Identification of structurally conserved residues of proteins in absence of structural homologs using negative correlation learniing
Motivation: So far various bioinformatics and machine learning techniques applied for identification of conserved residues in proteins. The majority of these techniques has been only focused on the prediction of sequence and functionally conserved residues in proteins. Although few computational methods are available for the prediction of structurally conserved residues from protein structure, all methods require homologous structural information and structure based alignments, which still prove to be a bottleneck in protein structure comparison studies. In this work, we developed a neural network approach for identification of structurally important residues from a single protein structure without using homologous structural information and structural alignment.
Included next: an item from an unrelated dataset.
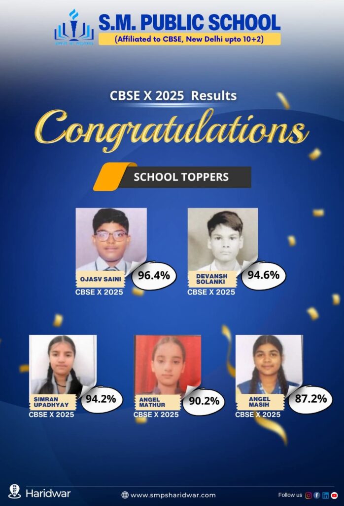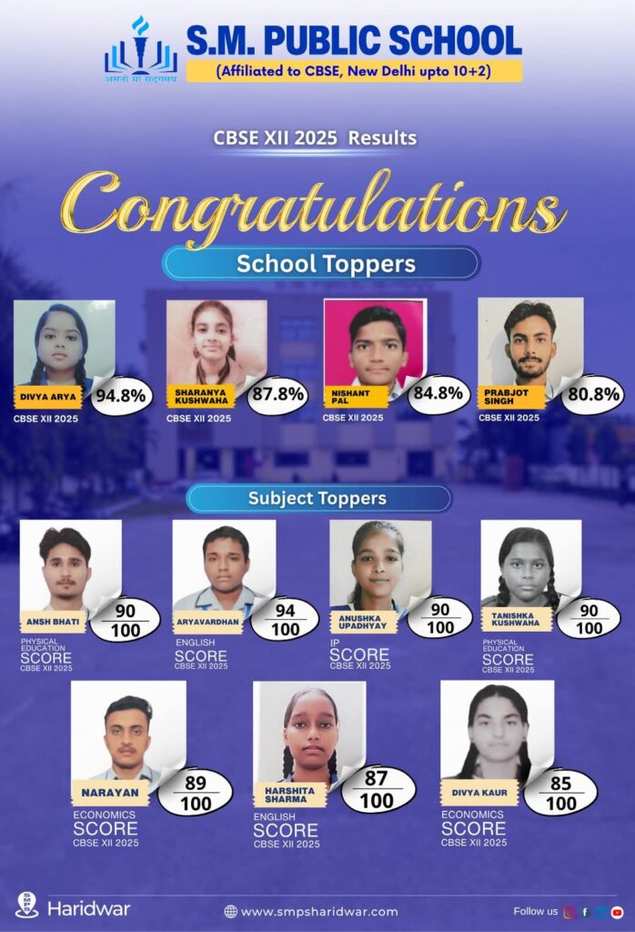 एस.एम.पब्लिक स्कूल ने बोर्ड परीक्षा में एक बार फिर से शैक्षणिक उत्कृष्टता की परंपरा को आगे बढ़ाते हुए CBSE बोर्ड परीक्षा 2024–25 में कक्षा 10वीं और 12वीं में शानदार प्रदर्शन किया है। विशेष उल्लेखनीय बात यह रही कि कक्षा 10वीं का परिणाम 100% रहा, जिसने पूरे विद्यालय परिवार को गौरवान्वित कर दिया।

Results: A neural network (NN) ensemble method that utilizes negative correlation learning (NCL) approach was developed for identification of structurally conserved residues (SCRs) in proteins using features that represent amino acid conservation and composition, physico-chemical properties and structural properties like solvent accessibility, secondary structures, hydrogen bonding and residue compactness. The NCL-NN algorithm was applied to 6042 structurally conserved residues that have been extracted from 131 protein superfamilies. This method obtained high prediction sensitivity (92.8%) and quality (Matthew’s correlation coefficient is 0.852) in identification of SCRs using single representative protein for each superfamily in the test dataset. Further benchmarking using 60 protein domains containing 1651 SCRs that were not part of the training and testing datasets shows that the NCL-NN method can correctly predict SCRs with ~90% sensitivity. These results suggest the use-fullness of NCL-NN approach for facilitating the identification of SCRs utilizing information derived from a single protein structure and its sequence homologues. Therefore, this method could be extremely effective in large-scale benchmarking studies where reliable structural homologues and alignments are limited.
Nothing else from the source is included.